The talk lately has been about how the clock is ticking for Obama to push through the health care program sooner rather than later as he is quickly losing popular support, and the do nothing Congress is getting ready to leave for it's summer vacation. As if these guys perform hard labor or any labor during the year and require some R&R to get a second wind for the end of year push.
They have accomplished little if anything, and as politicians will have focused on earning political points back home for the next election cycle that they will face. Doing the peoples business? Hardly, unless feathering your own nest is the peoples business. Compared to pretty much any profession out there, the Congress and the Senate as a difficult workplace is laughable. That is unless deciding what junkets to go on, where to have lunch or which lobbyist to go out for dinner and drinks with is difficult.
The bottom line is this. If there is a legislative agenda that takes one, two or three weeks into the recess to get done, then that is what our public servants should be doing. Unless of course it would be legislation, such as health care that would be destructive to the nation and it's citizens.

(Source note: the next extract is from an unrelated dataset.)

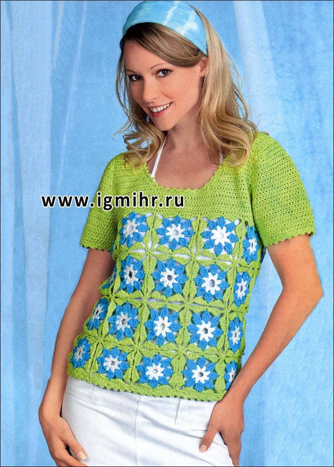 Летний пуловер из цветочных квадратов. Крючок..

On second thought, have a great time guys!
The article below was written in Notoriously Conservative, and although it was back in February, is still on the laser point now:
How Often is Congress in Session? How Much do They Actually Work?
Posted by Nifty Nick . 2/16/2009
The current salary (2009) for rank-and-file members of the House and Senate is $174,000 per year. But they work hard you say, they deserve it you say. Well, perhaps. So how much do they work? Well, congress is in session anywhere from 130 to 190 days a year. On average, over the last 9 years, they have met about 140 days a year. So far this congress has worked 23 days, out of a possible 46 days, or 50% of the time. Here is a little vacation calender posted on the house.gov website (please note a "work period" is a fancy way of saying day off):
January 6 -111th Congress, 1st Session convenes
January 19 -Martin Luther King, Jr. Day
January 20 -Inauguration Day
January 29-31 -Republican Conference Issues Conference
February 5-7 -Democratic Caucus Issues Conference
February 16 -Presidents Day
February 16 - 20 -Presidents Day District Work Period
March 8 -Daylight Savings Time Begins
March 17 -St. Patrick's Day
April 6 - April 17 -Spring District Work Period
April 8 -Passover Begins
April 10 -Good Friday
April 12 -Easter Sunday
May 10 -Mother's Day
May 25 -Memorial Day
May 25 - May 29 -Memorial Day District Work Period
June 14 -Flag Day
June 21 -Father's Day
June 29 - July 3 -Independence Day District Work Period
July 4 -Independence Day
August 3 - September 4 -Summer District Work Period
September 7 -Labor Day
September 18 -Rosh Hashanah Begins
September 27 -Yom Kipper Begins
October 12 -Columbus Day
October 30 -Target Adjournment
November 1 -Daylight Savings Time Ends
November 11 -Veterans Day
November 26 -Thanksgiving Day
December 11 -Hanukkah Begins
December 25 -Christmas Day
Let's compare that to say, my work schedule. Well, I get New Years Day off, Memorial Day, Independence Day, Easter, Thanksgiving Day, a half day on Christmas Eve, Christmas Day, and a half day on New Years Eve. I also get three sick days, and two weeks of vacation. That's a total of twenty days off, and then of course weekends, for a total of 120 days off a year, and 245 days a year working. That means I work 68% of the year. Congress meets, on average 140 days a year, and is off 225 days. That means congress works 38% of the year.
Hmmm. So if the average congressman makes $174,000 a year, that's $1257.14 a day, $157.14 an hour (based on an 8 hour day). I make, well, significantly less than that. How much do you make? How hard do you work for it?